There are times when the organisation needs a nudge, when a JFDI (Just Do It) approach is required,.
But in general we should move incrementally forward, learning and adjusting as we go. Anyone who says they can design, plan and predict large scale organisational change in advance is delusional. We’re not psychic.
Formal reorganisation is something we especially shouldn't rush into. Separate the formal structured frontage work structures: use virtual teams, secondment, and other collaborative mechanisms to experiment with new ways of working before making any formal changes.
Make change as gradual as possible so as not to disrupt culture (unless it needs disrupting).
Modulate the level of disruption, don’t get ahead of the teams.
Give them space and time.
Circle back constantly to pick up those falling behind, and if necessary slow programs down to let them catch up. Check in with teams, MBWA. It is easy for a few early adopters to get all fired up and race off in the bus.
Constantly circle back to ensure people are coming along
Check your passion. Don’t go full steam ahead. Don’t read into other people your own level of understanding.
Hostility is a good thing. Welcome it. Passive aggression is far more worrying a signal. Once someone engages emotionally with you, even if negatively, they are on the journey to positive engagement. They have moved from zero engagement. Remember models such as Kubler-Ross:
Empowered people blossom. let them know it is ok to experiment, to fail, to take initiative, to lead. Many people are "victims of the system": they behave the way they do because of the unreasonable position they are put in: if you put people in an unreasonable system you will get unreasonable people. What are they like outside work? Maybe they are not being their authentic selves at work. Change the system, change the mood.
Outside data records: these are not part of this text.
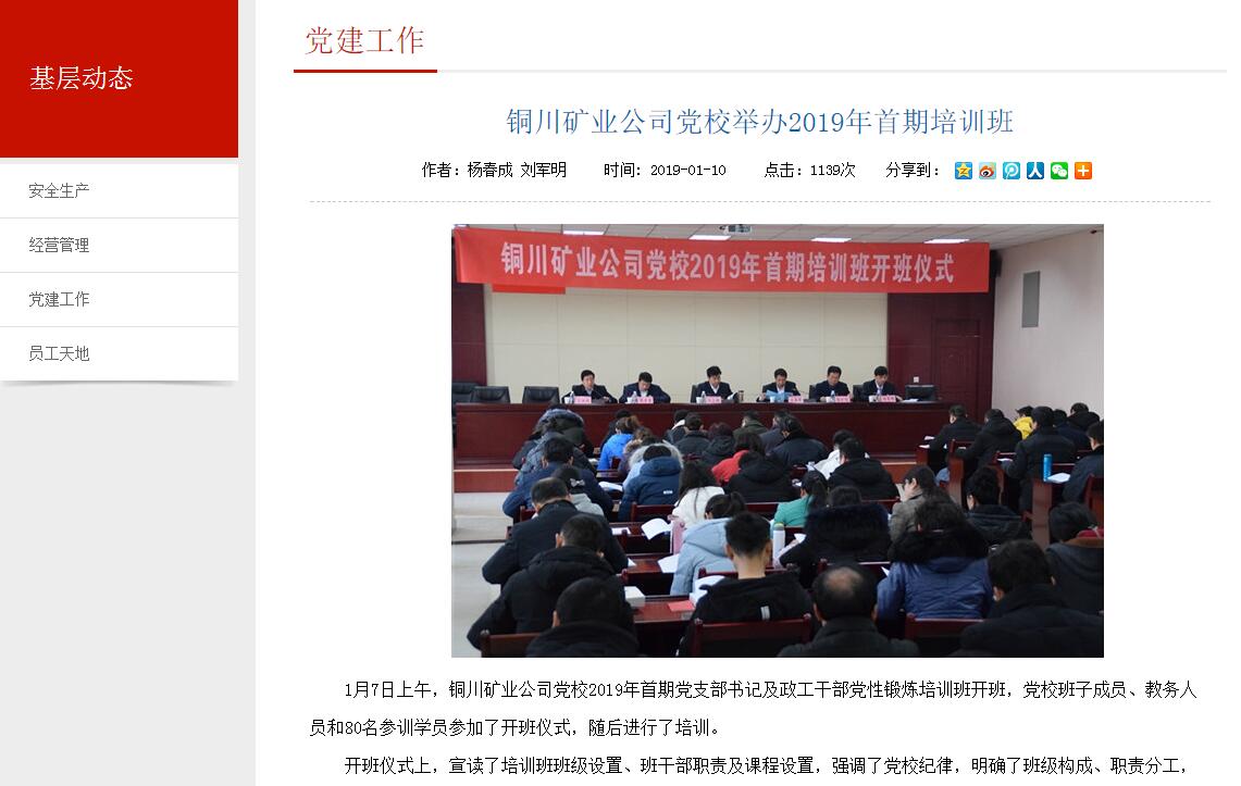 銅川礦業(yè)公司黨校舉辦2019年首期培訓(xùn)班
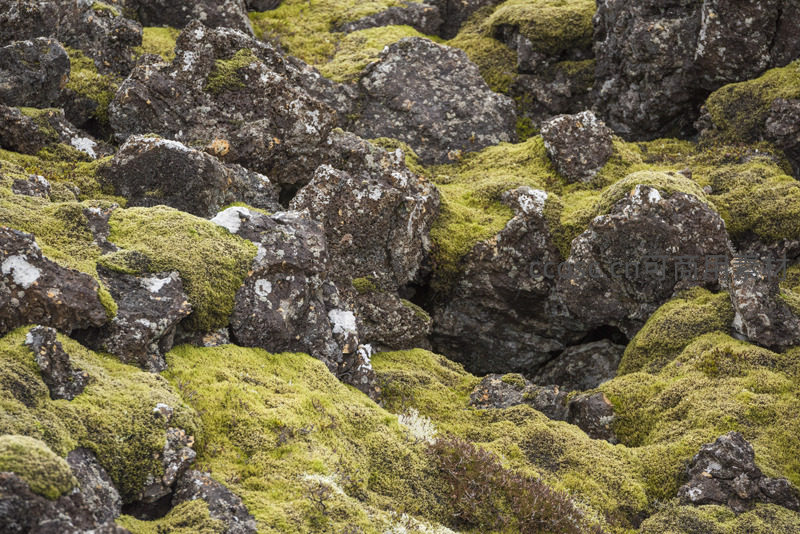 黑色粗糙熔岩被柔软青苔温柔覆盖,自然力量与生命韧性交织,呈现大地肌理与生态复苏的独特美感。
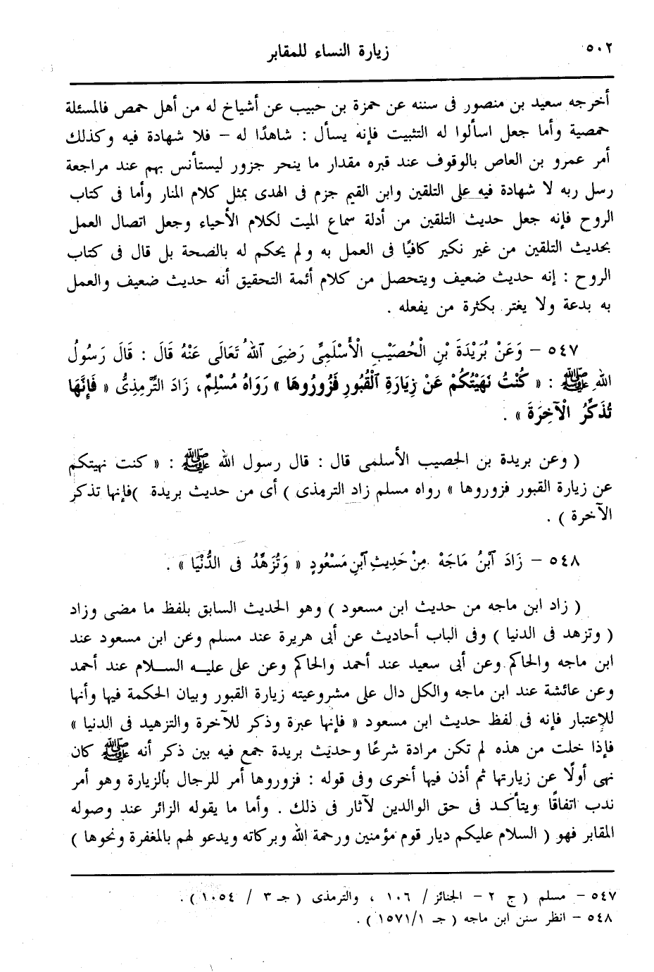 وَالْكُلُّ دَالٌّ عَلَى مَشْرُوعِيَّتِهِ زِيَارَةَ الْقُبُورِ وَبَيَانِ الْحِكْمَةِ فِيهَا وَأَنَّهَا لِلِاعْتِبَارِ فَإِنَّهُ فِي لَفْظِ حَدِيثِ ابْنِ مَسْعُودٍ «فَإِنَّهَا عِبْرَةٌ وَذِكْرٌ لِلْآخِرَةِ وَالتَّزْهِيدِ فِي الدُّنْيَا» فَإِذَا خَلَتْ مِنْ هَذِهِ لَمْ تَكُنْ مُرَادَةً شَرْعًا وَحَدِيثُ بُرَيْدَةَ جَمَعَ فِيهِ بَيْنَ ذِكْرِ أَنَّهُ - صَلَّى اللَّهُ عَلَيْهِ وَسَلَّمَ - كَانَ نَهَى أَوَّلًا عَنْ زِيَارَتِهَا ثُمَّ أَذِنَ فِيهَا أُخْرَى وَفِي قَوْلِهِ: فَزُورُوهَا أَمْرٌ لِلرِّجَالِ بِالزِّيَارَةِ وَهُوَ أَمْرُ نَدْبٍ اتِّفَاقًا وَيَتَأَكَّدُ فِي حَقِّ الْوَالِدَيْنِ لِآثَارٍ فِي ذَلِكَ.

The enterprise has a duty of care for its staff: to ensure as few people are left behind as possible. It seems like 5%-20% don’t make it.
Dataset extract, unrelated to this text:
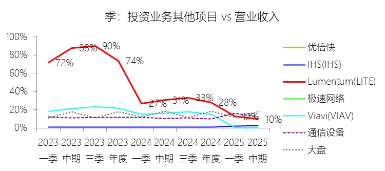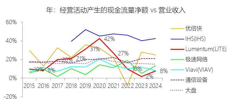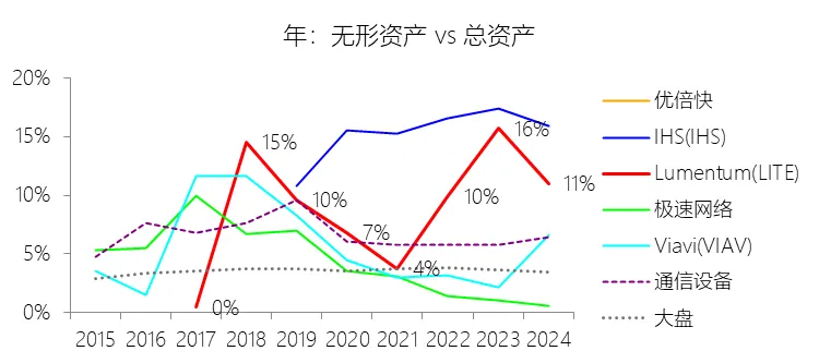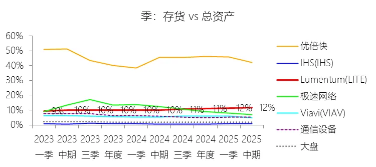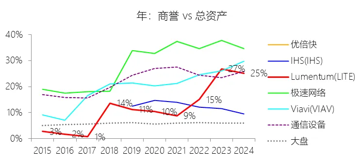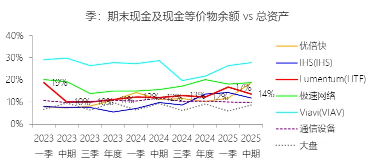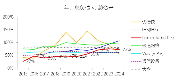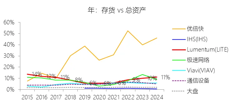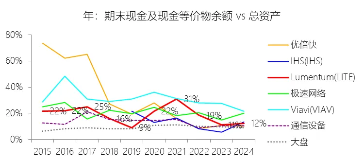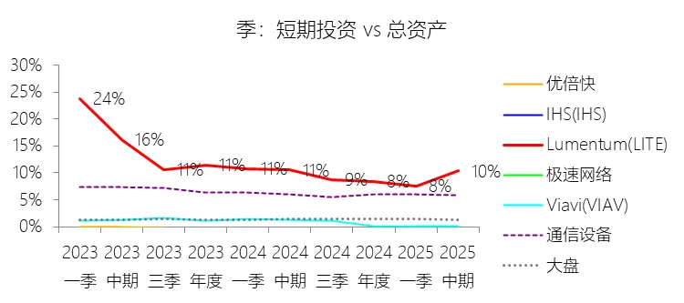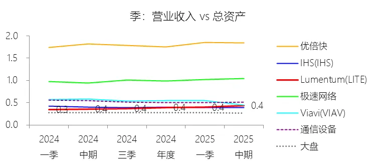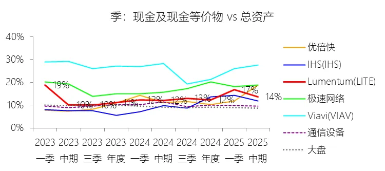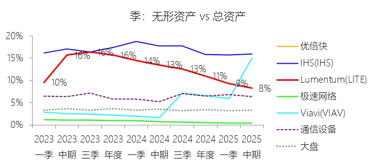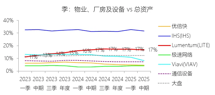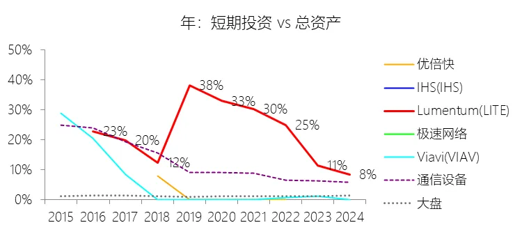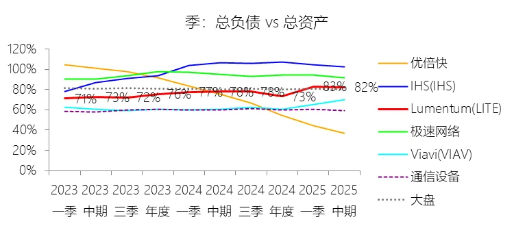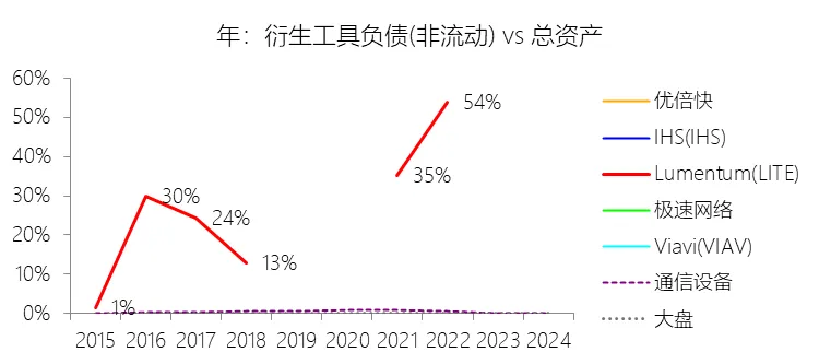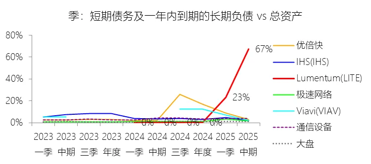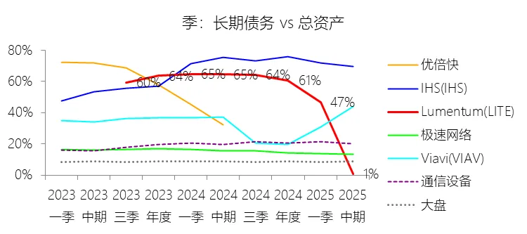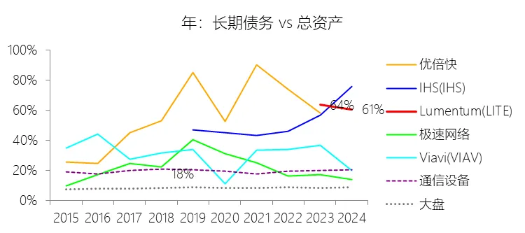 负债率:2026财年中期末,Lumentum的总负债为39.59亿美元,对比年初增长28.36%,与总资产的比例为82.38%(负债率),同比上升4.38个百分点;2016-2025财年(十年),此项与总资产的平均比例为57.76%,比通信设备行业的均值低1.8个百分点,长期呈上升趋势。比例短期上升主要由于公司在2026财年中期因股价上涨触发了转换条款,导致包括2026、2028、2029及2032年到期的多笔可转换高级票据(总计约31.83亿美元)从非流动负债重新分类为流动负债,显著增加了短期债务规模;此外,为支持云和人工智能基础设施需求的强劲增长,公司在增加存货备货的同时导致应付账款显著上升,且于2026财年第一季度发行了2032年到期的可转换票据以充实资金。比例长期上升主要由于公司近年来执行了激进的行业整合策略,通过对Oclaro、NeoPhotonics和Cloud Light等公司的一系列大规模并购,不仅承担了被收购方的负债,还多次通过发行可转换高级票据来支付巨额现金对价;随着公司业务规模的跨越式扩张,为了扩建泰国及日本的制造基地,公司进一步增加了长期贷款及债务融资,导致总负债规模随资产同步扩张且增速更快。比例低于通信设备行业的均值主要由于公司在进行大型并购时,通常采用“现金+股票”的组合对价方式,通过发行普通股分担了部分融资压力(如在Oclaro交易中发行了约4.57亿美元的股票);同时,公司在早期的负债水平处于较低基数,且长期保持较高的现金及投资余额,反映出其在历史经营中维持了相对审慎的资本结构,尽管近年来因战略转型导致杠杆率上升,但其平均负债比例在十年维度下仍略低于行业均值水平。总资产周转率:2026财年Q2 TTM,Lumentum的总资产周转率为0.4次,同比上升0.08次;2016-2025财年(十年),平均总资产周转率为0.5次,比通信设备行业的均值低0.06次,长期呈下降趋势。净资产收益率:2026财年中期末,Lumentum的股东权益为8.47亿美元,对比年初减少25.39%,净利润与股东权益的比例为29.72%(TTM净资产收益率),同比上升89.65个百分点;2016-2025财年(十年),净利润与股东权益的平均比例为1.56%,比通信设备行业的均值低12.11个百分点,长期呈下降趋势。比例短期上升主要由于云和人工智能基础设施需求的强劲增长带动净利润扭亏为盈(2026财年中期净利润由上年同期的亏损转为盈利0.82亿美元),特别是高毛利激光芯片产品在向高速率迁移中贡献了显著利润,叠加工厂产能利用率提高带来的规模效应;同时,公司因执行股票回购、部分可转换票据回购产生的公允价值调整(如2026年票据部分回购产生的2.57亿美元增量对价)以及封顶呼叫期权结算等因素,导致股东权益规模在短期内显著缩减,分母的减少与盈利的回升共同促成了ROE的报复性反弹。比例长期下降主要由于公司近年来处于激进的行业整合期,频繁的大型并购(如Oclaro、NeoPhotonics和Cloud Light)虽然实现了资产扩张,但产生的巨额无形资产摊销、库存增值调整以及持续不断的重组支出和资产减值,对长期净利润水平形成了持续压制;此外,光通信市场的商品化趋势及亚太对手带来的价格竞争也削弱了其长期的资产回报效率。比例低于通信设备行业的均值主要由于公司平均营业成本比例(66.11%)远高于行业水平,反映出其制造环节的重资产属性和成本控制压力远超行业均值;同时,公司受制于高度集中的客户结构带来的议价压力,且美国出口管制(如针对华为等主要客户的贸易限制)及地缘政治风险直接冲击了其高利润业务条线,导致盈利能力和资本利用效率长期无法达到行业平均水平。现金及现金等价物:2026财年中期末,Lumentum的现金及现金等价物为6.58亿美元,对比年初增长26.31%,与总资产的比例为13.69%,同比上升1.59个百分点;2016-2025财年(十年),此项与总资产的平均比例为18.10%,比通信设备行业的均值高5.29个百分点,长期呈下降趋势。短期投资:2026财年中期末,Lumentum的短期投资为4.98亿美元,对比年初增长39.62%,与总资产的比例为10.36%,同比下降0.16个百分点;2016-2025财年(十年),此项与总资产的平均比例为21.90%,比通信设备行业的均值高9.72个百分点,长期呈下降趋势。存货:2026财年中期末,Lumentum的存货为5.70亿美元,对比年初增长21.34%,与总资产的比例为11.87%,同比上升1.73个百分点;2016-2025财年(十年),此项与总资产的平均比例为8.52%,比通信设备行业的均值高3.49个百分点,长期呈下降趋势。物业、厂房及设备:2026财年中期末,Lumentum的物业、厂房及设备为8.14亿美元,对比年初增长11.99%,与总资产的比例为16.93%,同比上升0.2个百分点;2016-2025财年(十年),此项与总资产的平均比例为13.65%,比通信设备行业的均值高6.76个百分点,长期呈下降趋势。无形资产:2026财年中期末,Lumentum的无形资产为3.97亿美元,对比年初减少14.71%,与总资产的比例为8.26%,同比下降5.23个百分点;2016-2025财年(十年),此项与总资产的平均比例为8.85%,比通信设备行业的均值高2.27个百分点,长期呈上升趋势。商誉:2026财年中期末,Lumentum的商誉为10.61亿美元,对比年初无增长,与总资产的比例为22.08%,同比下降4.67个百分点;2016-2025财年(十年),此项与总资产的平均比例为14.44%,比通信设备行业的均值低7.97个百分点,长期呈上升趋势。短期债务及一年内到期的长期负债:2026财年中期末,Lumentum的短期债务及一年内到期的长期负债为32.40亿美元,对比年初增长30467.92%,与总资产的比例为67.43%,同比上升67.18个百分点;2016-2025财年(十年),此项与总资产

Management’s role is to coach, develop, offer opportunities
There is self interest here too: dont lose valuable skills and knowledge.
People are on the bus or off the bus, but don't let anyone go under the bus. Identify, support and welcome those who don't want to come along: make their exit graceful, painless and courteous. They are doing you a favour.
Ensure there are cultural change programmes and enough staff training. Ensure inclusion and investment.